1) The outlier score for any genome segment can be defined based solely on its first k nearest-neighbor distances. More specifically, the average value of these distances is regarded as the outlier score of the genome segment, which is not only easy to extend to other data types but also boosts the power of detection CNVs, especially the local CNVs that are likely to be masked by their surrounding regions.

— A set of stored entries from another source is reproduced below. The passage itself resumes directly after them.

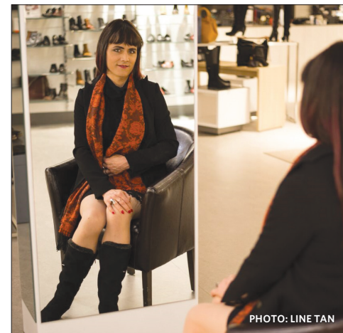
Ses proches ont constaté qu'elle semblait beaucoup plus heureuse depuis qu'elle pouvait enfin assumer sa vraie nature.

L'AES produira bientôt un calendrier et la conférencière se prêtera également au jeu de modèle d'un jour, en plus de continuer à donner des conférences et de travailler comme forgeronne à son compte. Cette rencontre a été fort inspirante et touchante pour tous les gens présents dans la salle mercredi dernier. (C.F.)
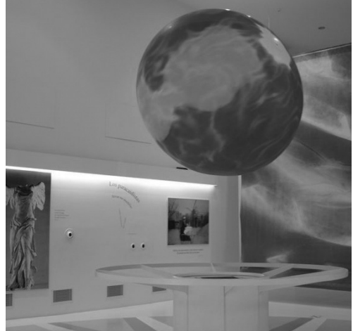
Figura 5. Museo del Viento de La Muela Sala introductoria

un espacio interior que favorece la delimitación, valoración y comprensión del monumento, permitiendo además una visita de calidad en condiciones más cómodas y placenteras. (Figura 2)
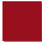
Rubinrot RAL 3003
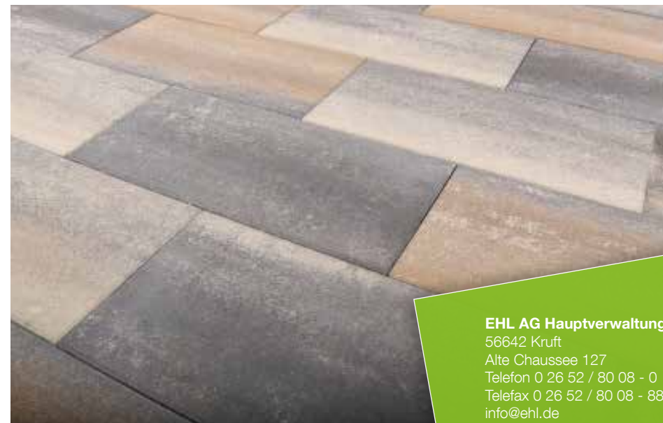
Farbe // muschelcreme

Verlegebeispiele zum jeweiligen Produkt finden Sie auf www.ehl-for-diy.de
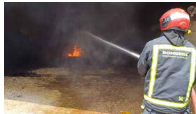
Los bomberos en una actuación.
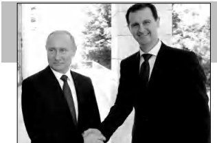
Նախագահ Պուտինը սուկ Բաշար Ասարի վարչապարդին չի պաշտպանում

2000-ականների սկզբին օտարվեց, աղանոսավեց ու վաճառվեց. մոտ 6000 տոննա խողովակ ու միացման այլ համակարգեր գնացին «անհայտ ուղղությամբ»: Ցավոք արի, այսօր ֆչեր են խոսում այդ կեղտոտ գործարի մասին, որը համազոր է դեմոկրատիայի նոյնակումը: Ինչեւէ, անցյալն անցյալ է, հիմա, երբ երեք տասնամյակ միայն ողբացել են, ժամանակն է ուշիք բերելու Սեւանը, լիճը, որն 90-ականներին ու 2000-ականների սկզբին սնեց ու բարդի ուղիղ իմաստով սովամահությունից փրկեց Հայաստանի ամբողջ բնակչությանը, հե՜տազայում՝ զգալի մասին: Առաջին ֆայլերից մեկը դեմք է լինի հե՜տաւնությունը՝ կոլեկտորների անհե՜տացման հե՜տերով՝ ո՛վ, ո՛ն հե՜տ, ե՛րբ, որին զուգահե՜տ դեմք է ձեռնարկվի կոլեկտորի անցկացման նոր գործընթացը: Որքան էլ այն իրենից մեծ ծախսեր ենթադրի, անոյայման դեմք է իրականացվի, որովհետեւ մաքուր Սեւան ունենալն այսօր մեզ համար արդեն ռազմավարական խնդիր է: Դրանից հետո, դեմք է անոյայման լուծել արդեն բազմիցս արծարծված ջրառի հարցը, որը սարիներ շարունակ ուղղակի հիվանդության շենքին է հասցրել լիճը: Ցավալի է, բայց մինչ Բնադառնության նախարարն Ազգային ժողովում լսումներ է իրականացնում, նույն դաժին Սեւանի ջուրը ողողում է Արարյան դաշտը: Ներողություն, բայց դա ջուրծեծոցի է. ժամանակի սղանդ: Անուրե՜տ, Արարյան դաշտի ոռոգման հարցը եւս կարելու է մեզ համար, բայց, ինչպես արդեն մեկ են, դրա համար բազմաթիվ այլ աղբյուրներ կան, օրինակ՝ Կարսի ջրամաքարը, որին նախորդ հոդվածներում անդրադարձ չի կատարվել: ➔3
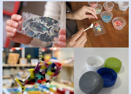
ペットボトルキャップをリサイクル!
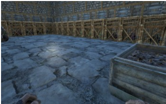
Dung Beetle im Holzkäfig bei der Ölproduktion.
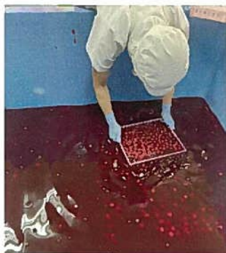
槽から小梅を取り上げる作業は とても大変そうでした。

10月8日(木)店舗委員会と日田センター運営委員会の6人で日田市の大分大山町農業協同組合を訪問し小梅干(七折)の製造工程を確認してきました。
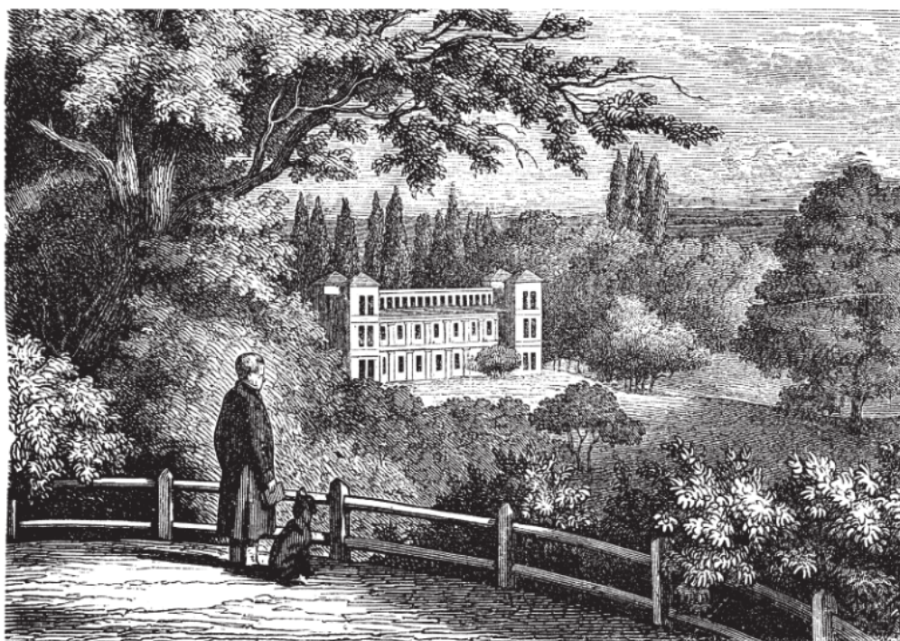
Castelul Tegel și zona din jur

Lui Alexander îi venea deosebit de greu, pentru că îi erau predate aceleași lecții ca fratelui său mai mare, în ciuda faptului că el era cu doi ani mai mic. Drept rezultat, se socotea mai puțin înzestrat decât fratele său. Pe când Wilhelm excela la latină și la greacă, Alexander se simțea incompetent și încet. Mai apoi avea să-i mărturisească unui prieten că trebuia să se străduiască
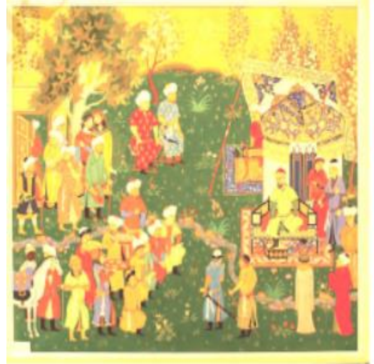
Elchilar qabuli. Miniatura

IV. Yangi mavzuni mustahkamlash: o‘quvchilardan mavzu bo‘yicha asosiy faktlar va voqealarni so‘rash, hujjat, surat yoki xarita asosida savollar berish.
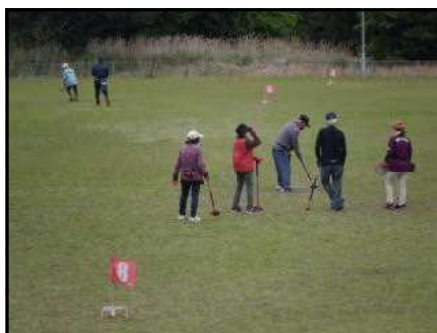
グランドゴルフ場

5/10(火) 全校13名全員揃って吉之元の「よかところ見ひけ」に行きました。非常にヨカ勉強になりました。児童だけでなく職員も初めて見たり聞いたりすることの連続で、改めて吉之元のよさを感じたところです。特に「吉之元よかところ発見塾」発見には、ちっとたまりました。ここでは、吉之元ランチ(村おこしランチ)が食べられるそうです。残念ながらコロナ過のため、現在は休止しているとのことですが、復活したら是非足を運びたいものです。なお、ネット検索で写真や動画を拝見することができましたのでお知らせいたします。塾の名前しか知らなかったのが恥ずかしくもあり、もう御覧になっている地域の方々には失礼ですが、下にQRコードを紹介します。スマホやパソコンで見て応援してほしいと思います。この日は偶然、グランドゴルフ真っ最中の地域の方々にもお会いすることもできました。雨模様でも20人弱の方が集まっておられ元気な吉之元のエネルギー源を見た気がしました。今後もこれまで以上に気軽に来校していただける学校を目指します。是非、吉之元小学校にお越しください。
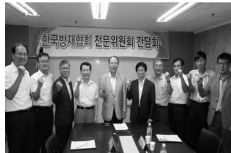
전문위원회 간담회 단체사진
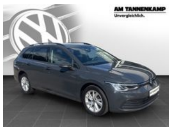
AM TANNENKAMP Unvergleichlich.
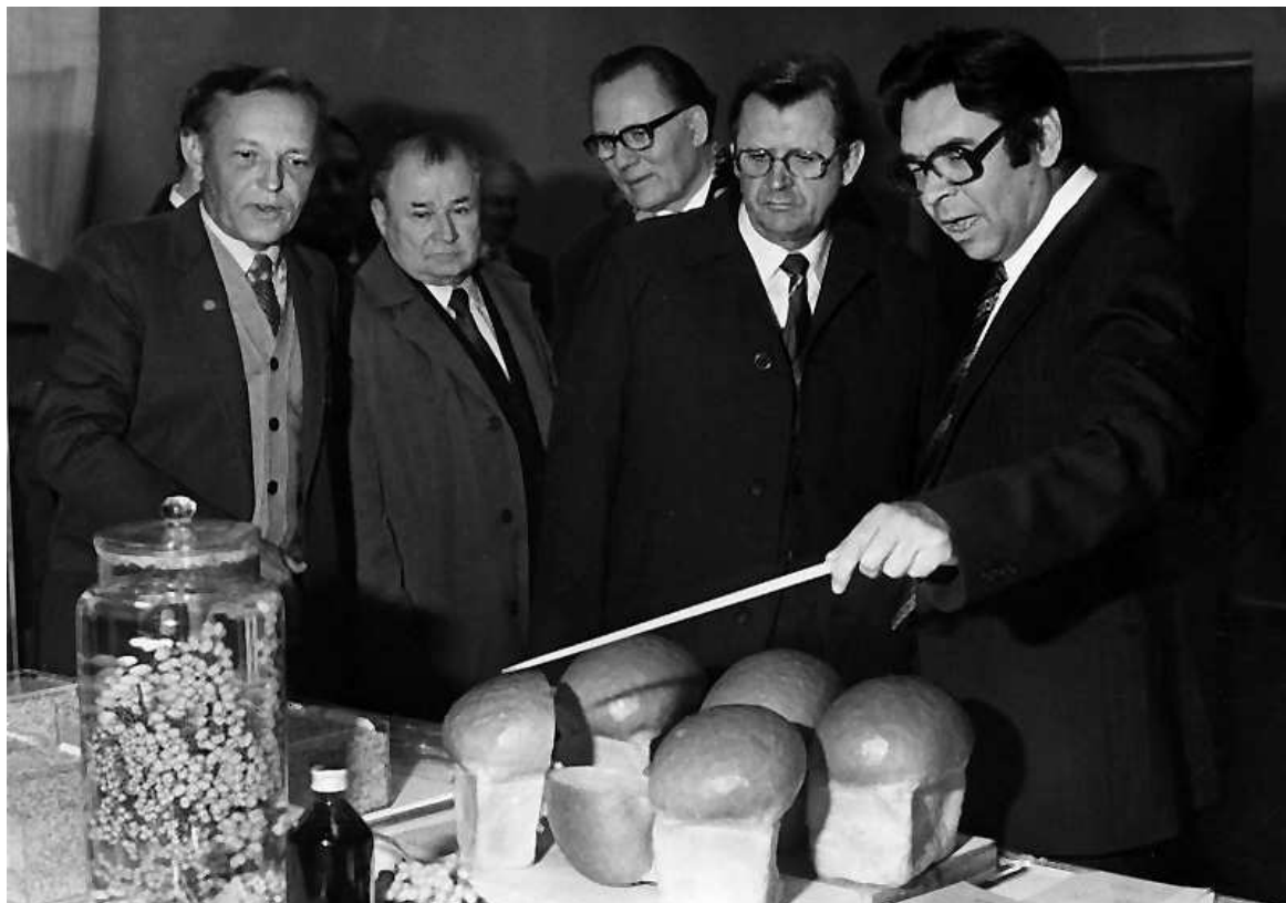
Слева направо: академик В.А. Коптюг, председатель Новосибирского облисполкома В.А. Филатов, председатель Новосибирского горисполкома И.П. Севастьянов, член Политбюро ЦК КПСС В.И. Воротников, член-корреспондент СО АН СССР В.К. Шумный (впоследствии академик). Начало 1980-х годов
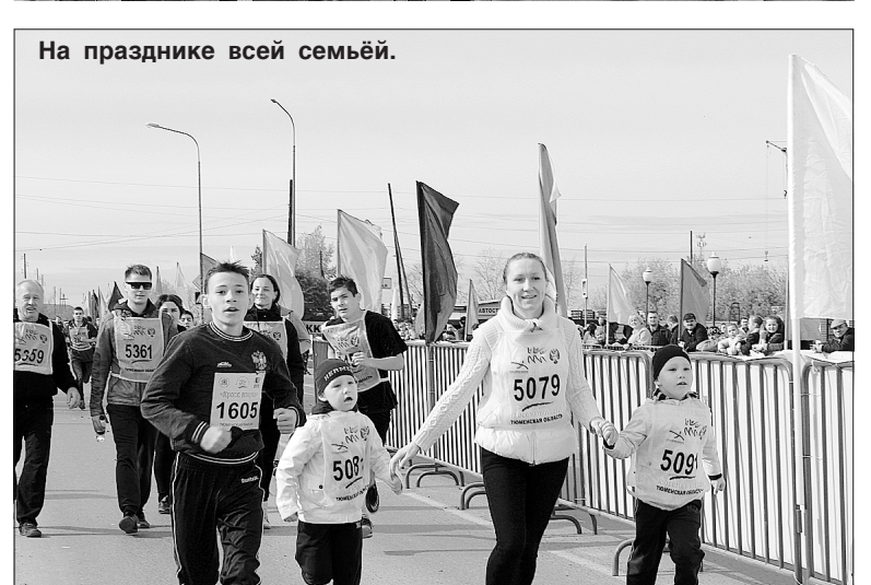
На празднике всей семьёй.
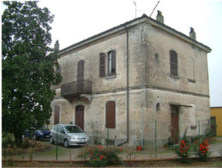
1. Edificio 1. Fronti nord e ovest.
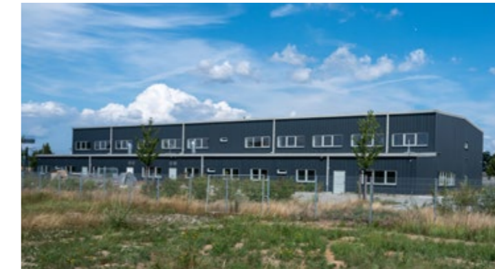
Gewerbehalle Baujahr 2016
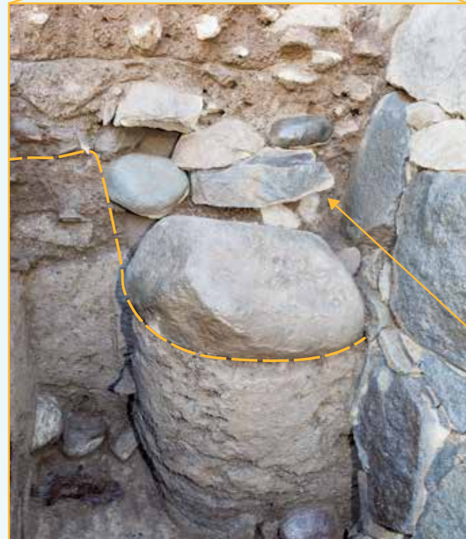
石門北側にある石垣(右)の修理痕跡
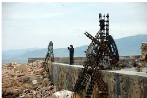
1. Muelle desde el que el visitante aprecia casi la totalidad del jardín-museo, en el 2007 aún se apreciaba la pieza de hierro en su lugar original.
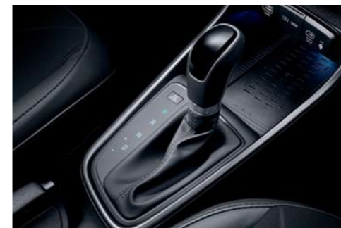
DCT de 7 velocidades
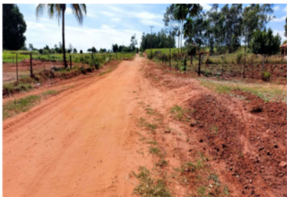
Trecho 05 (Estrada Farinheira) – (de 380 m até 560 m)
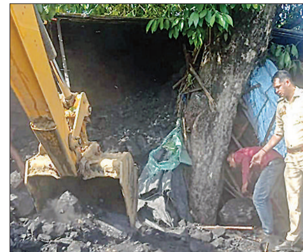
जेसीबी से कोयले का मलवा हटाकर घायलों को निकलवाते अधिकारी व पुलिस।
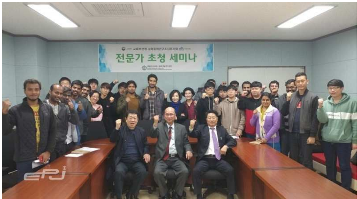
▲ 군산대학교 풍력기술연구센터에서 실시한 전문가 초청 세미나.

이어 “신재생에너지 REC의 가중치를 기상 및 기후·풍력발전의 특성, 설치 유형 및 용량 등을 고려해 산정하고 최종적으로 풍력산업의 수익 기준표를 수립해 사업의 불확실성으로 인해 사업지연현상을 줄이도록 노력해야 한다”고 말했다.
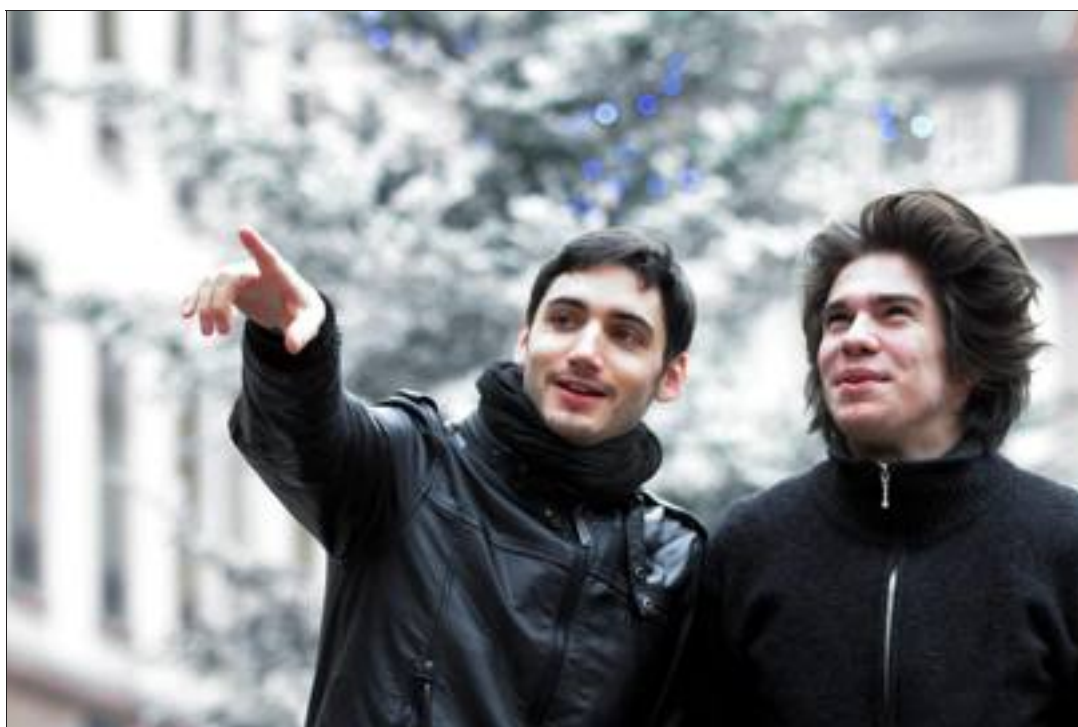
Le réalisateur alsacien Romain Cogitore et le comédien François Civil, hier, à Strasbourg.

En l'écoutant, Romain Cogitore change de projet, part sur une fiction. « Ce qui m'a intéressé dans son récit, c'est le côté contemporain, la proximité avec cette jeunesse. Ceux que l'on voit aujourd'hui comme des héros, des jeunes qui vou-
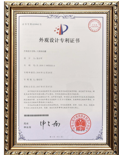
رقم براءة الاختراع: 201630655323.4
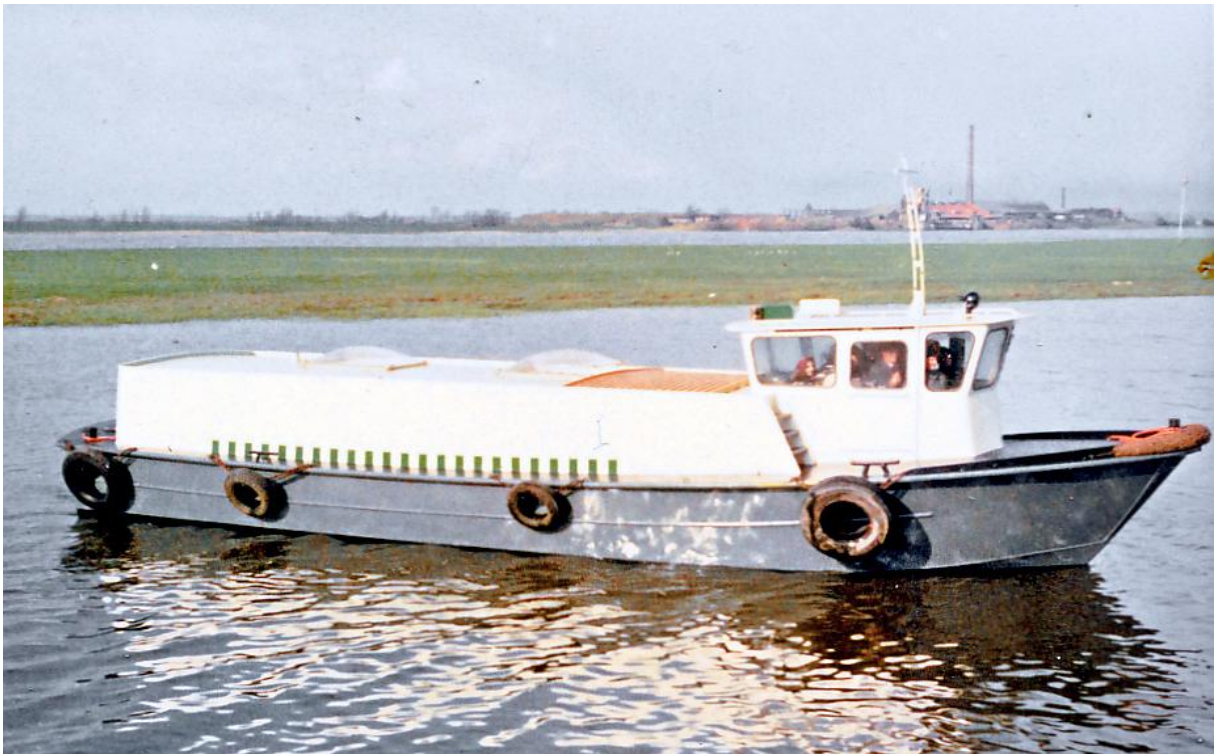
Parlevinker voor de haven van IJmuiden. Eigen ontwerp. 1966
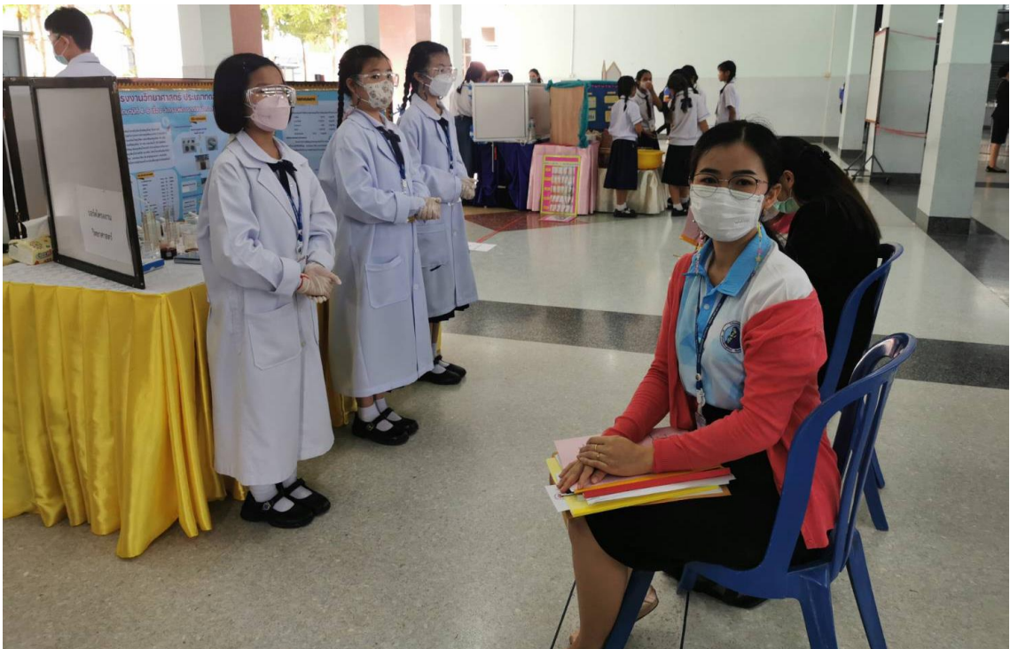
เป็นกรรมการและเลขานุการตัดสิน การประกวดโครงงานทางวิทยาศาสตร์ ระดับชั้น ป.4 - ป.6
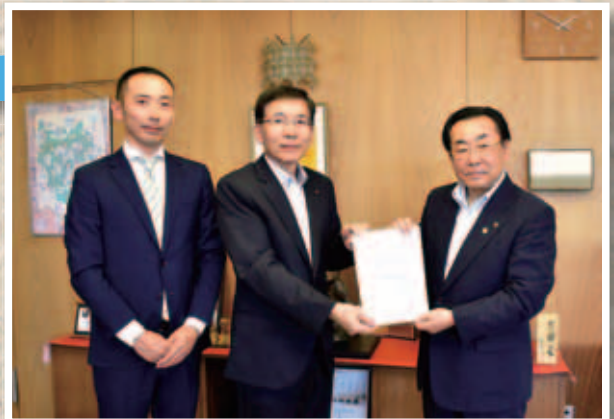
条例の運用状況などについて検証していきます

加藤会長は、「条例が目指す『市民一人ひとりが瑞浪市民であることに誇りを持ち、幸せな暮らしを実感できるまちづくり』を実現するため、検証を続けてまいります」と話しました。

2) This paper leverages the VBGMM to convert the outlier scores for all genome segments into a series of binary labels that can indicate which genome segments are CNVs. The VBGMM can approximate the posterior distribution of these scores, so it can also be considered as a soft clustering method, and these binary labels are obtained without a pre-specified threshold.

Materials and Methods

Overview of KNNCNV

The workflow of the KNNCNV method is shown in Figure 1, which consists mainly of three steps. In the first step, a sequenced sample and a reference genome are taken as the input data. The second step is preprocessing, including the read alignment, read count (RC) preprocessing, and read depth (RD) profile generation and segmentation. In the third step, the outlier score for each genome segment is calculated by the k-nearest neighbor (KNN) (Ramaswamy et al., 2000; Angiulli and Pizzuti, 2002), and these scores are converted into binary labels via the VBGMM (Corduneanu and Bishop, 2001; Tzikas et al., 2008). In addition, the KNNCNV is implemented in Python and R language, which is freely available at https://github.com/BDanalysis/KNNCNV.

FIGURE 1
www.frontiersin.org

FIGURE 1. Workflow of the KNNCNV method.

Preprocessing

After obtaining a sequenced sample (i.e., a Fastq file) and a reference genome (i.e., a Fasta file), the sequenced sample is aligned to the reference genome with the BWA algorithm (Li and Durbin, 2010). Then the alignment result is extracted by the SAMtools software (Li et al., 2009), and the RC profile, which is SAM or BAM format, is obtained. The preprocessing of the RC profile includes the preprocessing of the reference genome, generating the genome bins, and correcting the GC-bias. The reference genome has some problems with missing positions and ‘N’ positions. In this paper, the missing positions are filled with zeros, and the ‘N’ positions are removed. As for generating the genome bins, the RC profile is partitioned into continuous and disjoint genome bins with the same length Lb (i.e., the bin size Lb equals 1,000 bp). The average RC value for each genome bin is regarded as its RD value, and simultaneously the fraction of GC-content can be obtained. In terms of the GC-bias, it is corrected by the prior work (Yuan et al., 2021a). Owing to the correlations between adjacent bins (Yuan et al., 2018; Yuan et al., 2021a), segment-based units have some advantages over bin-based ones in both computational cost and reliable results. Therefore, the whole genome is divided into continuous and non-overlapping regions with the same length Lr (i.e., the region size Lr is equal to 50,000 bp), and then each region is segmented by the circular binary segmentation (CBS) algorithm (Venkatraman and Olshen, 2007). Thus, a family of genome segments that are different in size are generated in each region, and the number of genome segments relies on the fluctuation of the RD values. Let the number of all genome segments generated by all regions be N, hence all genome segments are denoted as R=[r1,r2,,rN]TRN×1, where ri represents average RD values for all genome bins in the ith genome segment, and []T is a transposed matrix.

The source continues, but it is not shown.